Важно и то, что впервые в поэзии Евтушенко возникают эти имена: «До свидания, Галя и Миша… (курсив мой. — И. Ф.)». Обладатели этих имен глубоко и надолго войдут в его жизнь. Но об этом — дальше.
«Свадьбы» Евтушенко посвятит Александру Межирову.
О, свадьбы в дни военные!
Обманчивый уют,
слова неоткровенные
о том, что не убьют…
Дорогой зимней, снежною,
сквозь ветер, бьющий зло,
лечу на свадьбу спешную
в соседнее село.
Походочкой расслабленной,
с челочкой на лбу
вхожу,
плясун прославленный,
в гудящую избу.
Наряженный,
взволнованный,
среди друзей,
родных,
сидит мобилизованный
растерянный жених.
Сидит
с невестой — Верою.
А через пару дней
шинель наденет серую,
на фронт поедет в ней.
Землей чужой,
не местною,
с винтовкою пойдет,
под пулею немецкою,
быть может, упадет.
В стакане брага пенная,
но пить ее невмочь.
Быть может, ночь их первая —
последняя их ночь.
Глядит он опечаленно
и — болью всей души
мне через стол отчаянно:
«А ну давай, пляши!»
Забыли все о выпитом,
все смотрят на меня,
и вот иду я с вывертом,
подковками звеня.
То выдам дробь,
то по полу
носки проволоку.
Свищу,
в ладоши хлопаю,
взлетаю к потолку.
Летят по стенкам лозунги,
что Гитлеру капут,
а у невесты
слезыньки
горючие
текут.
Уже я измочаленный,
уже едва дышу…
«Пляши!..» —
кричат отчаянно,
и я опять пляшу…
Ступни как деревянные,
когда вернусь домой,
но с новой свадьбы
пьяные
являются за мной.
Едва отпущен матерью,
на свадьбы вновь гляжу
и вновь у самой скатерти
вприсядочку хожу.
Невесте горько плачется,
стоят в слезах друзья.
Мне страшно.
Мне не пляшется,
но не плясать —
нельзя.
Надо запомнить эту дату: 2 октября 1955 года.
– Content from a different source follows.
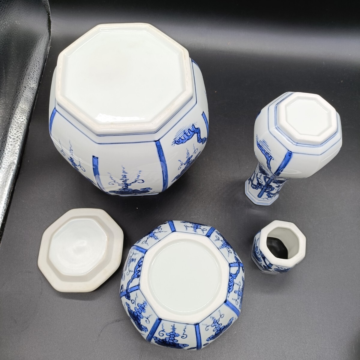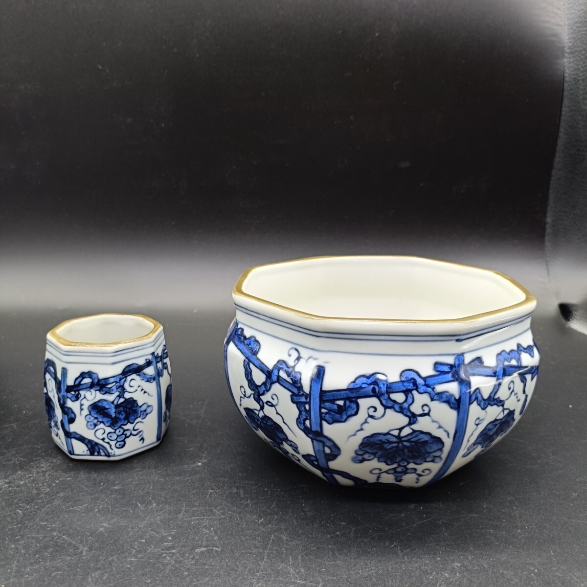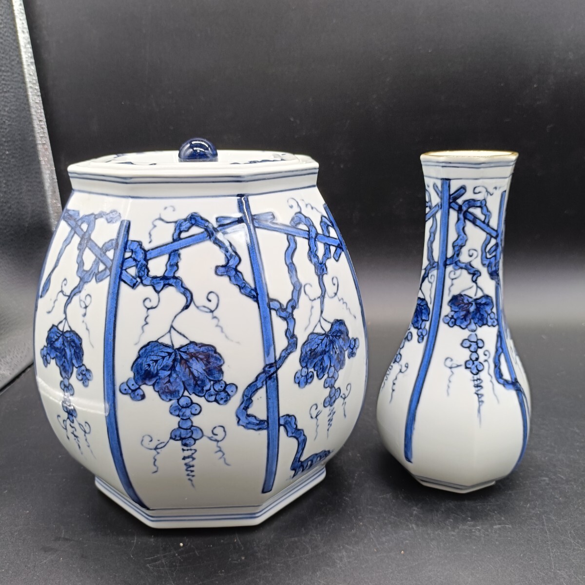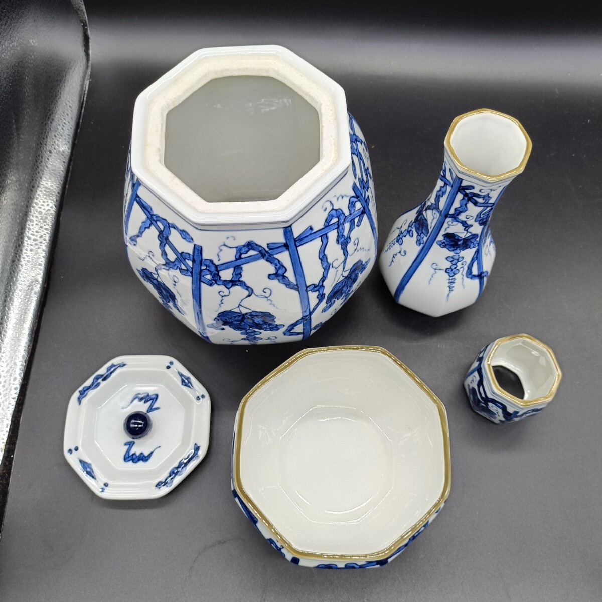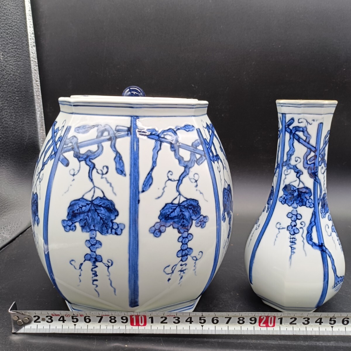 皆具 ぶどう棚 染付 鈴木康月 康月 水指 建水 蓋置 杓立 葡萄棚 茶道具 ウ6

В России было написано эпохально этапное стихотворение. Веха поколения.
Небезынтересно, что к нему остался равнодушным Пастернак, когда Евтушенко их очное знакомство начал с чтения этой вещи. Возможно, мэтр седьмым чувством уловил в «Свадьбах» возможность эстрадного успеха, чего он не приветствовал.
В залах, где Евтушенко читал стихи, из рядов зрителей громко требовали:
— «На велосипеде»!
— «Свадьбы»!
По-другому отнесся к «Свадьбам» другой опальный литератор. Вспоминал Владимир Лифшиц: «…у нас он (М. М. Зощенко) впервые прочитал стихи молодого Евтушенко. Они его очень заинтересовали, хотя вообще-то над стихами Зощенко любил чуть подтрунивать. Когда-то не пощадил даже Есенина, в одном из рассказов вставив в есенинскую строку, на первый взгляд, невинное “говорит”: “Жизнь моя, говорит, иль ты приснилась мне?..” Прочитав сборник Евтушенко, он то и дело повторял строки из стихотворения “Военные свадьбы”: “Походочкой расслабленной, / с челочкой на лбу, / вхожу — плясун прославленный — / в гудящую избу…”
— Этот мальчик далеко пойдет! Обратили внимание, какую он цезурочку подпустил?..»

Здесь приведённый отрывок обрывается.